- Abbreviation: BSD
- Founder: Sukhendu Dastidar
- Founded: 1972
- Preceded by: East Pakistan Communist Party (Marxist–Leninist)
- Ideology: Communism Marxism–Leninism Mao Zedong Thought
- Political position: Left-wing to Far-left
- Colors: Red

= Communist Party of Bangladesh (Marxist–Leninist) =

Communist Party of Bangladesh (Marxist–Leninist) was the name used by several political parties in Bangladesh. These groups emerged at different times as splinter factions of the East Pakistan Communist Party (Marxist–Leninist). Among them, three organisations were particularly prominent: the Communist Party of Bangladesh (Marxist–Leninist) (Barua), the Communist Party of Bangladesh (Marxist–Leninist) (Dutta), and the Communist Party of Bangladesh (Marxist–Leninist) (Umar), all of which remained active in Bangladesh during the post–Cold War years.

== Early history ==
In 1967–68, a split emerged within the undivided Communist Party of East Pakistan, influenced by the wider ideological conflict of the Sino–Soviet split. At the party's first congress, held on 1–3 October 1967, the East Pakistan Communist Party (Marxist–Leninist) was founded under the leadership of Sukhendu Dastidar and Mohammad Toaha, adopting Marxism, Leninism, and Mao Zedong thought as its ideological basis.

In 1972, Sukhendu Dastidar changed the party's name from East Pakistan Communist Party (Marxist–Leninist) to the Communist Party of Bangladesh (Marxist–Leninist).

In 1976, the faction led by Alauddin Ahmed joined the Communist Party. In 1977, the party split into two groups. One faction was organised under the leadership of Sukhendu Dastidar and Mohammad Toaha, while the other came under the leadership of Abdul Haque, Shardindu Dastidar, Ajay Bhattacharya, and Hemanta Sarkar.

== Badruddin Umar faction ==

On 14–15 August 1976, the East Bengal Revolutionary Party, Communist Workers' League, and a faction of the party met in a unity congress and adopted a new name. The congress elected a central committee and approved a political report. At this congress, Badruddin Umar, Sirajul Hossain Khan, Abul Bashar, and Dr. Saif‑ud‑Dahar, among others, emerged as leaders of the new party.

== Abdul Haque faction ==

After independence, Abdul Haque was elected general secretary of the faction he led. Despite the independence of Bangladesh his faction continued to use the name "East Pakistan Communist Party." In 1978, Abdul Haque's faction adopted the name Revolutionary Communist Party of Bangladesh (Marxist–Leninist). The party's seventh congress was held on 7–9 April 1988, The eighth congress, held in 1991, was the last during Haque's lifetime.

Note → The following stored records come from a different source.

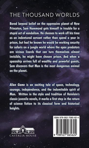 With nothing to do but work or lose himself in the dubious digital pleasures of the Netrix, Sam Hammond finds himself bored beyond belief on the oppressive planet of New Princeton. And when he gets himself in trouble for a stupid act of vandalism, he has the choice of spending a year in prison or working off his time as an indentured servant for anyone who buys his contract. He might have chosen the prison if he'd known that he'd find himself working security for a safari colony on a jungle world where the herbivores are the size of a stadium, the apex predators are vicious lizards that can turn themselves almost invisible, and the skies are filled with huge, acid-breathing fliers. And when New Princeton's Minister of Ecology arrives for a visit with a spaceship full of wealthy and powerful guests, Sam discovers that Man is the most dangerous animal on the planet. Rod Walker is the New New Heinlein, and The Thousand Worlds marks the return of science fiction to its classical form and historical heights. Written in the style and tradition of Robert Heinlein's 12 classic juvenile novels published by Scribner, ALIEN GAME is an exciting tale of space, adventure, courage, independence, and the indomitable spirit of Man.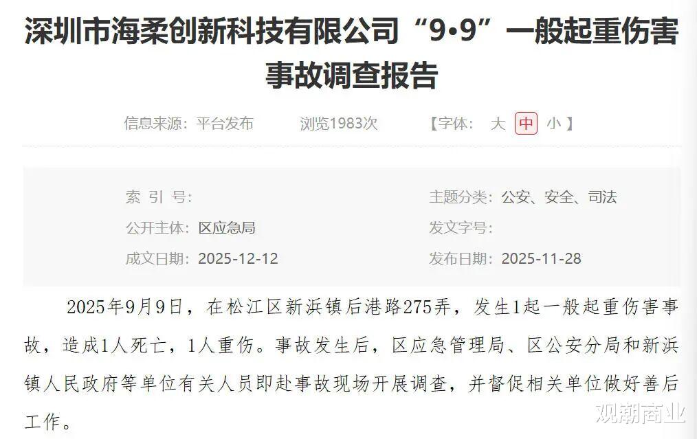 在财务与经营风险之外,2025年发生的致命生产安全事故,则直接暴露了海柔创新内控管理的重大缺陷。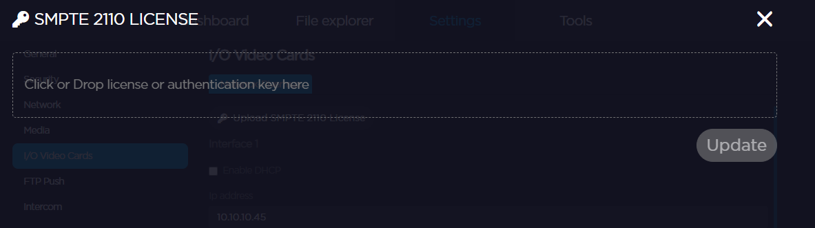 6. Click Upload SMPTE 2110 License.

== Nani Gopal Dutta faction ==

In 1976, following a decision of the party plenum, the party was kept underground while one section was directed to take up opportunities for open work. In this context, Nani Gopal Dutta, also known as Ajay Dutta or Mostak, served for a period as the party's secretary. In 1982, when Dutta and his followers refrained from participating in the party's fourth congress, a split emerged.

== Dilip Barua faction ==

In 1985, the Toaha faction, the Ali Abbas faction, and the Dilip Barua faction united, and the party became known as the Communist Party of Bangladesh (Marxist–Leninist) (Barua), which is a registered political party.